Photoreceptor Maintenance: Facilitates retinal photoreceptor cell renewal by recycling visual cycle components .
Apoptosis Regulation: Synergizes with DRAM1 to induce programmed cell death under irreparable DNA damage .
This recombinant protein is widely used in:
Validates DRAM2’s interaction with AMPK/mTOR pathways in DNA repair .
Serves as a control fragment (aa 233-266) for antibody validation .
| Host | Purity | Yield | Use Case |
|---|---|---|---|
| E. coli | ≥85% | High | Structural studies |
| HEK-293 cells | >90% | Moderate | Post-translational modification analysis |
| Cell-free systems (AliCE®) | 70-80% | Variable | Rapid production of toxic proteins |
Recent studies highlight DRAM2’s role in maintaining genomic stability:
DNA Repair: Autophagy-deficient cells exhibit increased error-prone NHEJ repair, linking DRAM2 to error-proof homologous recombination .
Cancer Relevance: Reduced DRAM2 levels correlate with chemoresistance in breast and prostate cancers due to impaired autophagy .
Aging: Accumulation of nuclear p62 (a DRAM2 interactor) with age disrupts RAD51 recruitment, exacerbating DNA damage .
DRAM2 plays a role in initiating autophagy. In the retina, it may be involved in photoreceptor cell renewal and recycling, contributing to visual function maintenance. Co-expression with DRAM1 can induce apoptotic cell death.
Selected Research Highlights on DRAM2:
DRAM2, also known as Transmembrane protein 77 (TMEM77), encodes a 266-amino acid protein with six putative transmembrane domains primarily localized in lysosomes . The protein was named after its homologue DRAM1, a key autophagy modulator and p53-cell death regulator, though DRAM2's cellular functions remain somewhat controversial . Structurally, DRAM2 contains multiple membrane-spanning regions that allow it to be embedded in lysosomal membranes, which is essential for its potential roles in autophagy and cellular degradation pathways.
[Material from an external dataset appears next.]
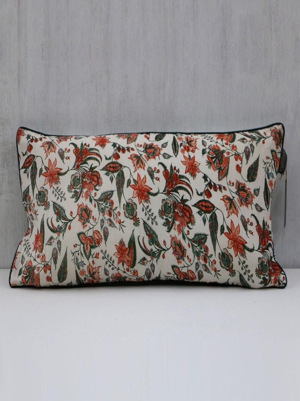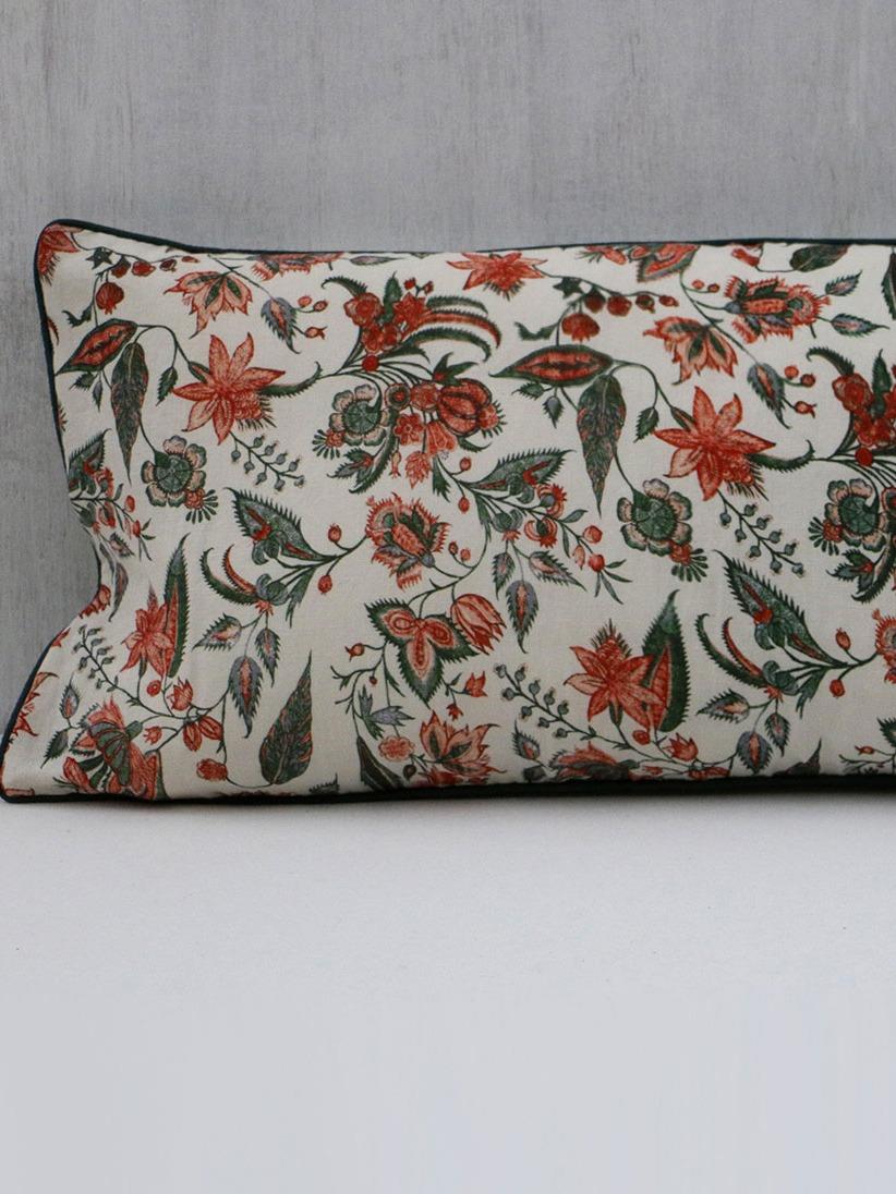 Nimmit Linen Cotton Hand Block Floral Print Long Cushion Cover

DRAM2 demonstrates ubiquitous expression across human tissues rather than being restricted to specific cell types. Single-nucleus RNA sequencing analysis has revealed that DRAM2 is broadly expressed in the human eye, with detection in neurons (including photoreceptors, interneurons, and retinal ganglion cells), retinal pigment epithelium (RPE) cells, glial cells, mesenchymal cells, and myeloid cells . This non-specific expression pattern extends beyond the eye, as confirmed by single-cell transcriptomics datasets from 13 different tissues and blood samples, where DRAM2 was consistently expressed across various cell types . This ubiquitous expression suggests DRAM2 may serve fundamental cellular functions across multiple tissues.
DRAM2's function remains partially unclear, with research indicating involvement in several cellular processes. Studies have implicated DRAM2 in:
Cell death regulation: Multiple investigations have connected DRAM2 to cellular death pathways
Autophagy modulation: DRAM2 has demonstrated roles in autophagy processes, though the exact mechanisms remain under investigation
Inflammatory response: Recent studies have identified DRAM2's involvement in inflammation pathways
Most research on DRAM2 function has been conducted in the context of oncogenicity and tumor cell treatment response, rather than in neurodegeneration or retinal dystrophy contexts . This highlights the need for expanded functional characterization of this protein in diverse physiological and pathological contexts.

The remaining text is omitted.